Matzah ball soup dumplings can be found at Brooklyn’s Lucky Rabbit Noodles, a 300-square-foot spot in Dumbo that’s quite literally underneath the roaring traffic of the Manhattan Bridge on the corner of Plymouth Street and Anchorage Place.
The dish, according to Lucky Rabbit’s owner and chef, Jeremy Dean, is inspired by his love of matzah ball soup. “If I’m at a diner, I’m ordering matzah ball soup,” Dean told the New York Jewish Week, explaining that the classic Ashkenazi comfort dish is one of his favorite New York foods. “I don’t have any Jewish affiliation or anything.”
At Lucky Rabbit — which serves all types of Asian-inspired noodle dishes — the matzah ball soup dumplings are served four to an order for $6. The innovative dish includes four dumplings, made with dumpling wrappers sourced from just over the bridge in Chinatown, that are filled with crumbled housemade matzah balls, ground chicken, onion, carrots and celery before being steamed in their own mini-tin.

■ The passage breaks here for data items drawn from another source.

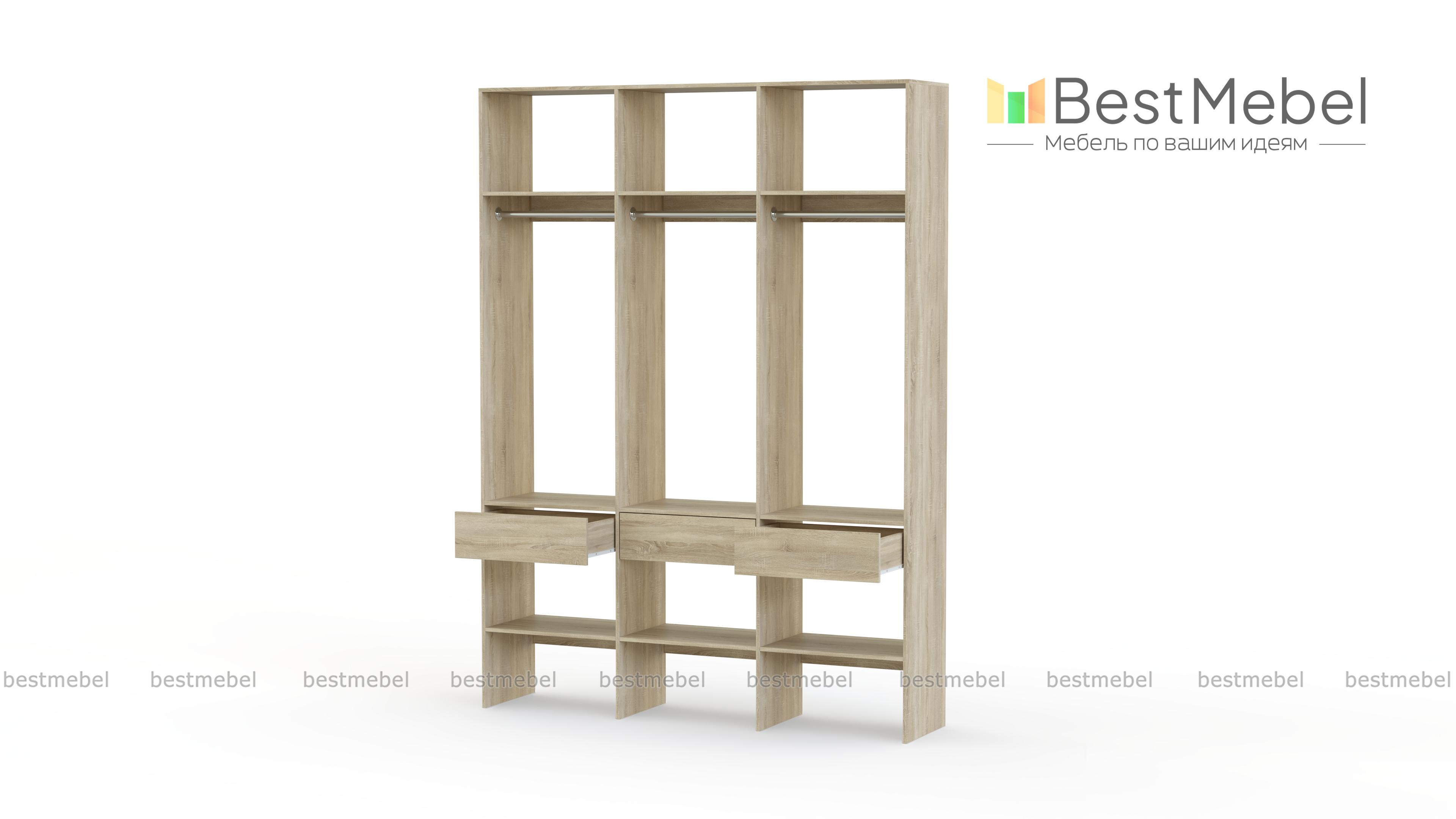 Стеллаж для одежды Мирта 51 BMS — визуально легкая и надежная конструкция из ламинированной ДСП, которую легко вписать в интерьер. Трехсекционный стеллаж прекрасно подходит для современных прихожих и гардеробных. Для вашего удобства три бельевых ящика и обувные полки располагаются снизу, а пространство над штангами занято полками для редко используемых вещей. Купить стеллаж для одежды Мирта 51 BMS вы сможете на сайте нашего интернет-магазина, подобрав цвет и размеры.
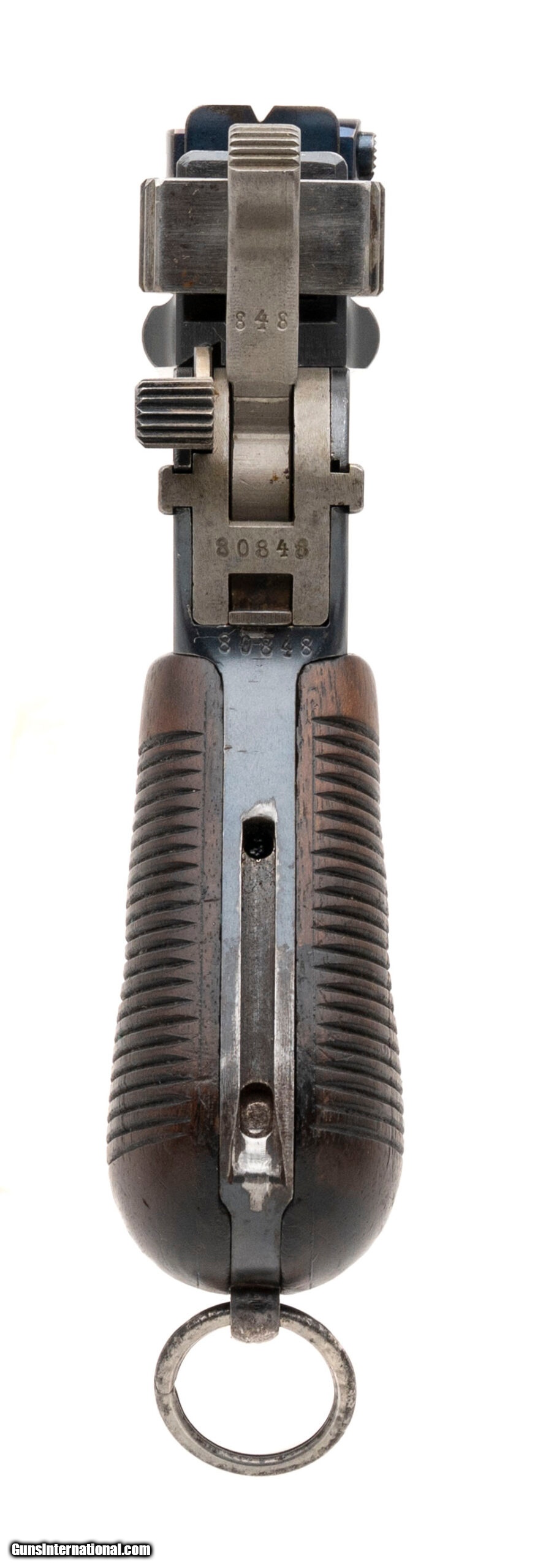 Description: "Serial number 80848. Made in 1905. 7.63 Mauser Caliber with a 5.5" barrel. This is an early Small ring hammer gun. The condition is excellent with 98% of the original finish. The grips are excellent as well. This gun is all matching SOLD Curio/Relic: Yes |
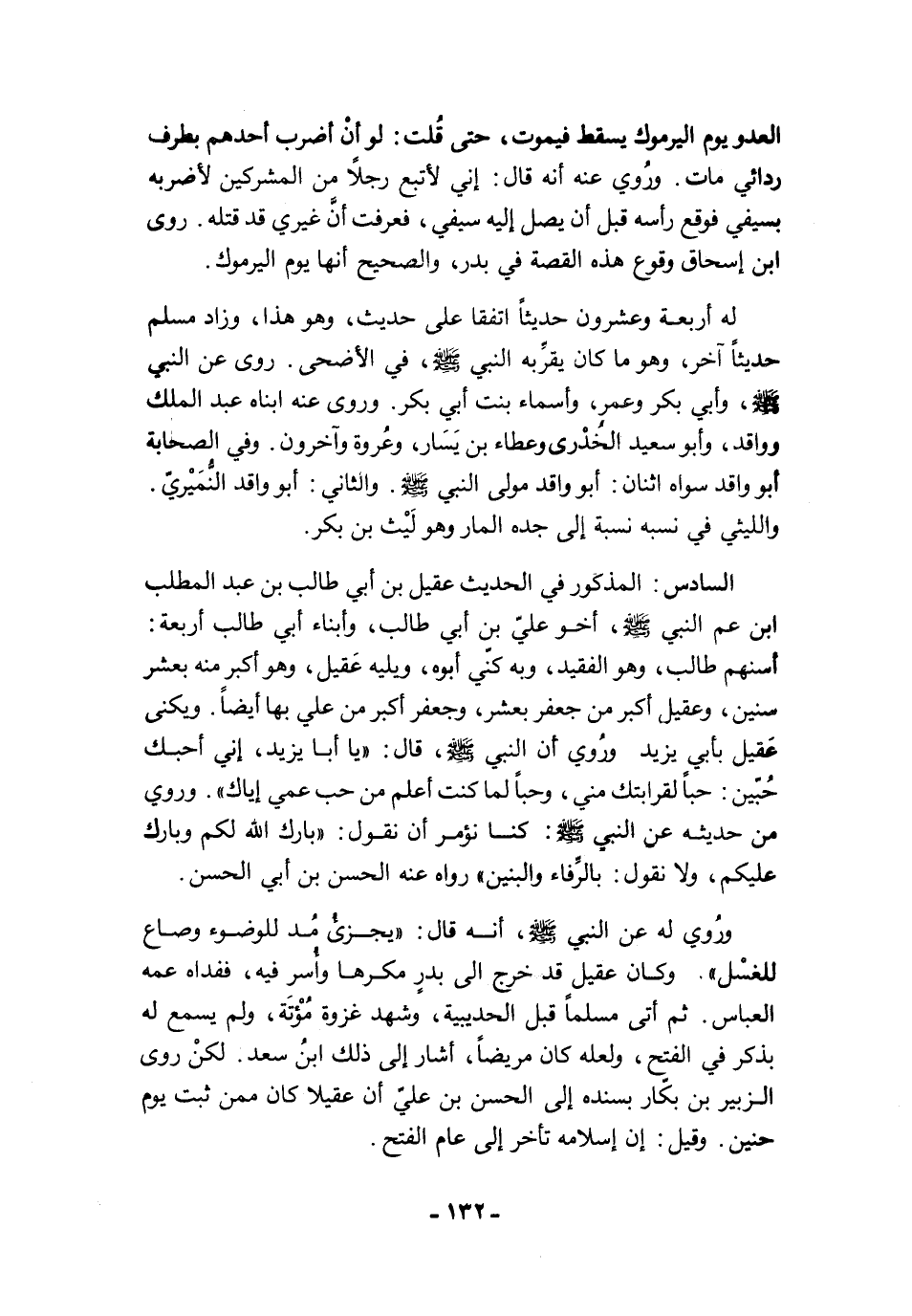 السادس: المذكور في الحديث عقيل بن أبي طالب بن عبد المطلب ابن عم النبي -صلى الله عليه وسلم-، أخو عليّ بن أبي طالب، وأبناء أبي طالب أربعة: أسنهم طالب، وهو الفقيد، وبه كنّي أبوه، ويليه عَقيل، وهو أكبر منه بعشر سنين، وعقيل أكبر من جعفر بعشر، وجعفر أكبر من علي بها أيضًا. ويكنى عَقيل بأبي يزيد ورُوي أن النبي -صلى الله عليه وسلم-، قال: "يا أبا يزيد، إني أحبك حُبّين: حبًا لقرابتك مني، وحبًا لما كنت أعلم من حب عمي إياك". وروي من حديثه عن النبي -صلى الله عليه وسلم-: كنا نؤمر أن نقول: "بارك الله لكم وبارك عليكم، ولا نقول: بالرِّفاء والبنين" رواه عنه الحسن بن أبي الحسن.
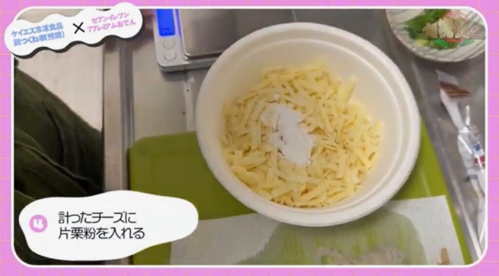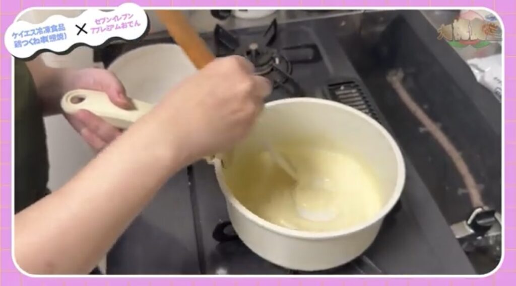 ④ピザ用チーズに片栗粉をまぶして、火を止めた鍋に少量加えて混ぜながら溶かし、残りのチーズを入れて同様にし、弱火でトロトロになるまで混ぜる。
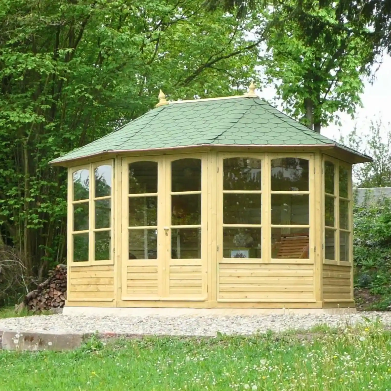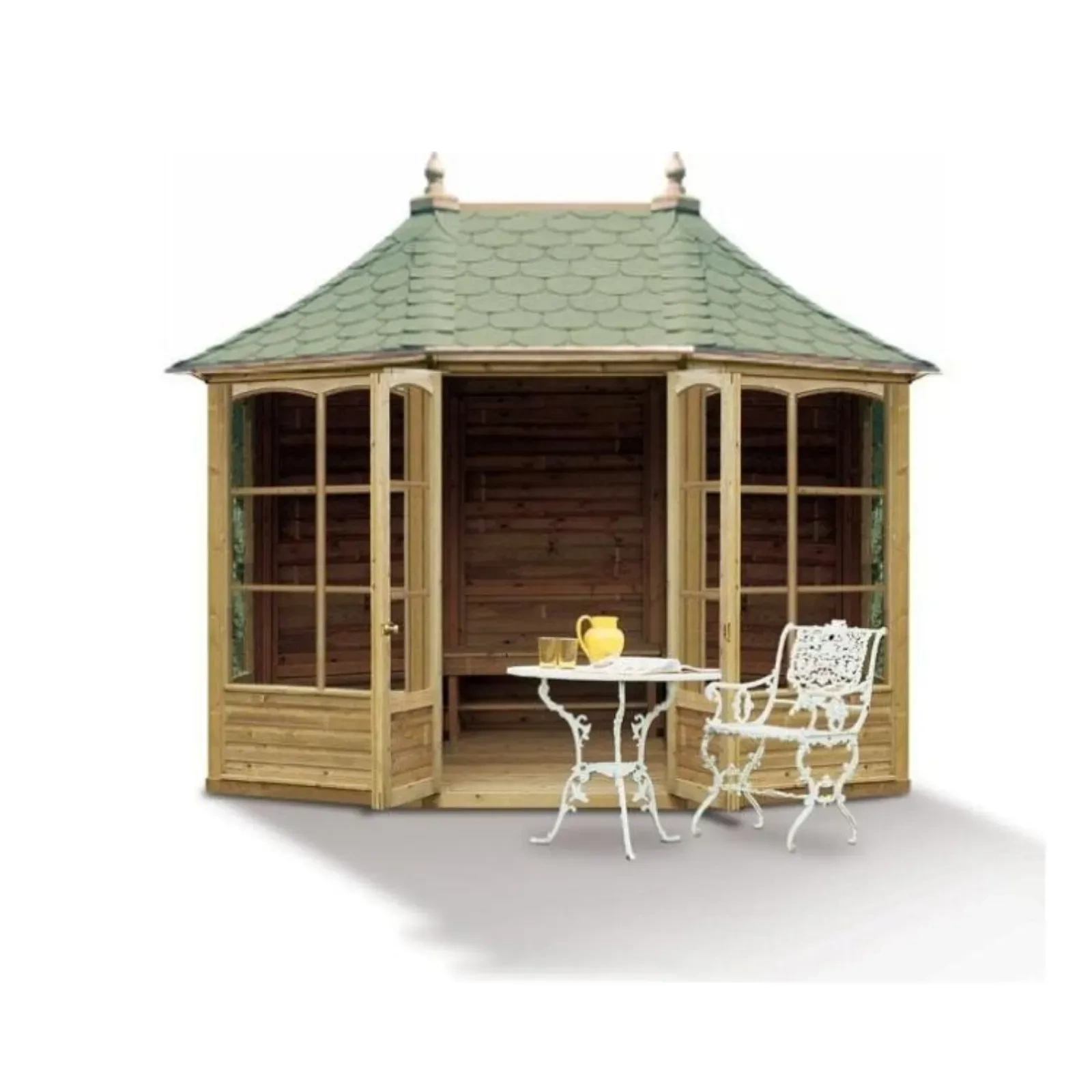 • The Harrogate Summerhouse Pavilion is a traditional garden Pavillion. It is a large wooden summerhouse with double doors that will provide plenty of room for entertaining or it can be used to simply sit and relax taking in the views of your garden.
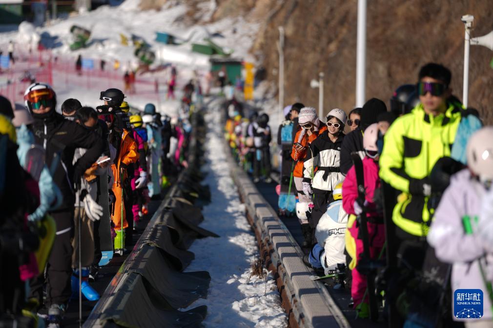 游客在湖州安吉云上草原滑雪場有序乘坐魔毯(12月28日攝)。
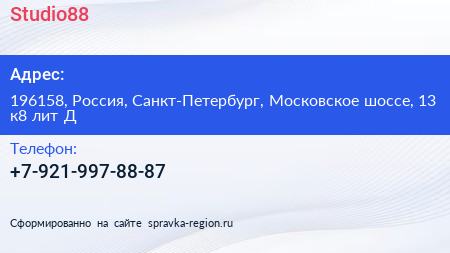 Studio88 по адресу 196158, Россия, Санкт-Петербург, Московское шоссе, 13 к8 лит Д в дальнейшем Организация, размещена в следующих категориях:
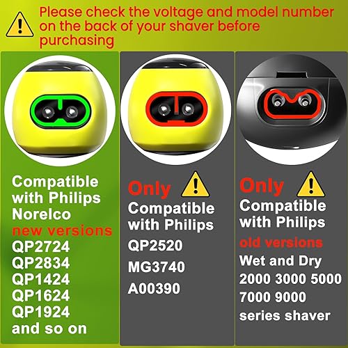 Please note: Not compatible with Philips QP2520(4.3V), QP2630, HQ8505(15V), HQ850, HQ840(8V), QP6520(Please check your shaver model and our charger plug carefully before purchasing. If your shaver is not included in our list, please contact our customer service for confirmation before purchasing.)
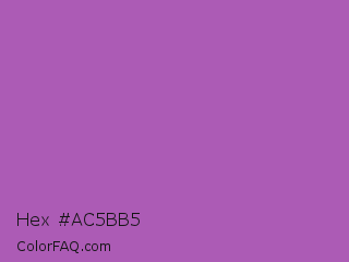 Hex #ac5bb5 Color is a normal magenta color and the nearest color is Purple Plum #9c51b6. Hex code #ac5bb5 and RGB value is rgb(172,91,181). In RGB color space, this color is composed of 67% red, 36% green, 71% blue, In CMYK color space, this color is composed of 5% cyan, 50% magenta, 0% yellow , 29% black , In HSL color space, this color has a hue angle of 294° , 38% saturation and 53% lightness.
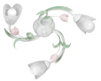припотолочная люстра, плафон белый (стекло), каркас розовый/белый/зеленый
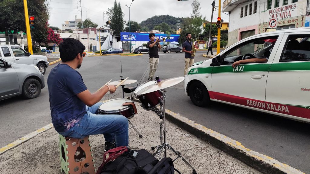Xalapa, Ver.- En un semáforo cualquiera de Xalapa, donde normalmente reinan el claxon, la prisa y las caras cansadas, algo distinto empieza a suceder. Suenan los primeros golpes de un timbal, la trompeta responde, el saxofón dibuja una melodía en el aire y de pronto, la rutina se convierte en fiesta. Ahí están ellos: Congo en Tres Orquesta, un grupo de jóvenes que decidieron transformar la calle en escenario y el tráfico en aplausos.
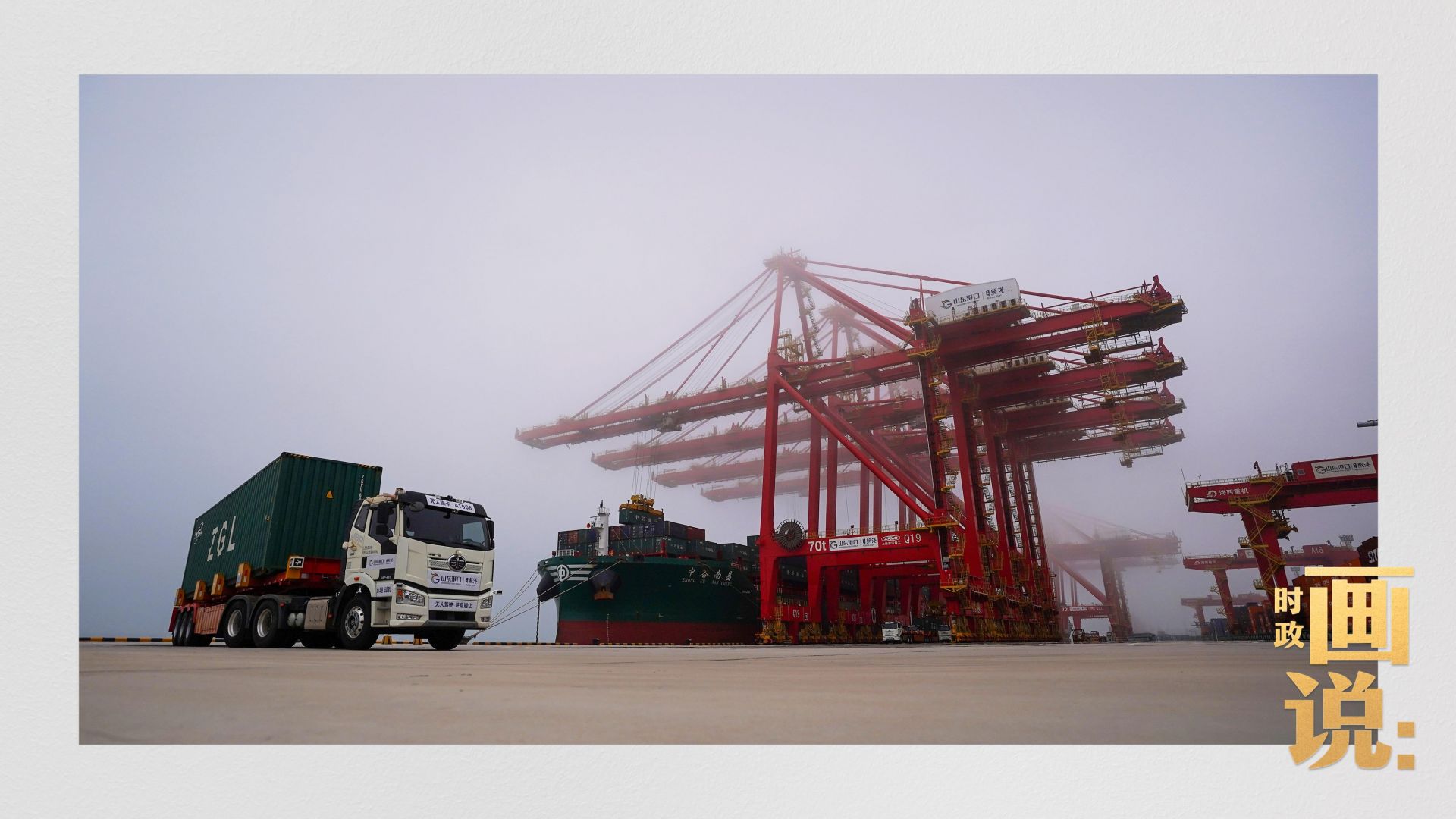 △山东港口集团日照港顺岸开放式全自动化集装箱码头,无人集卡车在运送集装箱。
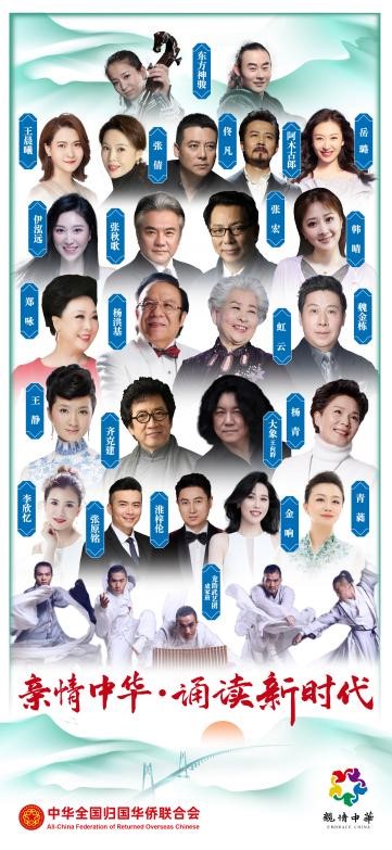 本场朗诵音乐会邀请到杨洪基、虹云、郑咏、张秋歌、魏金栋、齐克健、佟凡、杨青、张宏、王向群、王静、淮梓伦、伊泓远、阿木古郎、张倩、王晨曦、金响、张原铭、岳璐、韩晴、李欣忆、刘倩等老中青三代艺术家。他们精神饱满、激情迸发,用生动的语言和优美的旋律,深情地表达了广大侨胞对祖(籍)国的热爱和对新时代的赞美。

Upon cooking, chicken broth is ladled over the dumplings and its all topped with dill and fried shallots.
Dean told the New York Jewish Week that he’d tried the matzah ball ramen at Williamsburg’s Jewish-Japanese restaurant Shalom Japan and was inspired to play with that Asian-Ashkenazi flavor combination. “It’s kind of a different take on that,” he said.
Though they are called “soup dumplings,” Lucky Rabbit’s version isn’t made like traditional Chinese soup dumplings (xiao long bao), where the broth is wrapped inside the dumpling paper.
“I try to stay away from authentic things,” Dean said. “I had the authentic soup dumpling, xiao long bao, on the menu for a minute but I wanted to make the flavors a little different anyway.” He added that xiao long bao are very complicated to make — and he’s been the only employee for two of the three years he’s been running the business. (In the last year, a dishwasher and second chef have joined the team.)
Before Lucky Rabbit, Dean, who is Mexican and Salvadoran, ran Vodega, a vegan deli and bodega in the same spot for several months in 2020. He transformed the space into Lucky Rabbit in early 2021, partly because he felt like there wasn’t a lot of great Asian food in the neighborhood, where he’s lived for 13 years.
The dining scene in the formerly industrial, now upscale neighborhood has been shifting in recent years: Food hall Time Out Market opened in May 2019, while a new Israeli restaurant, Nina, opened in Dumbo in November.
At Lucky Rabbit, the matzah ball soup dumplings have been popular, Dean said — just that morning, a couple had placed an order for 300 dumplings that they could keep in their freezer.
On the evening of the New York Jewish Week’s visit earlier this week, Jewish comedian Liz Glazer happened to be in the restaurant to try the dumplings herself. “First, I’m just appreciating the dill and the fried onions,” she said. “I imagine this is going to be like a big texture party.”
“It tastes like matzah ball soup and I love that it has the crispy onion — my mom’s [soup] didn’t have that,” she said after trying a bite. “This is great. It’s a real fusion.”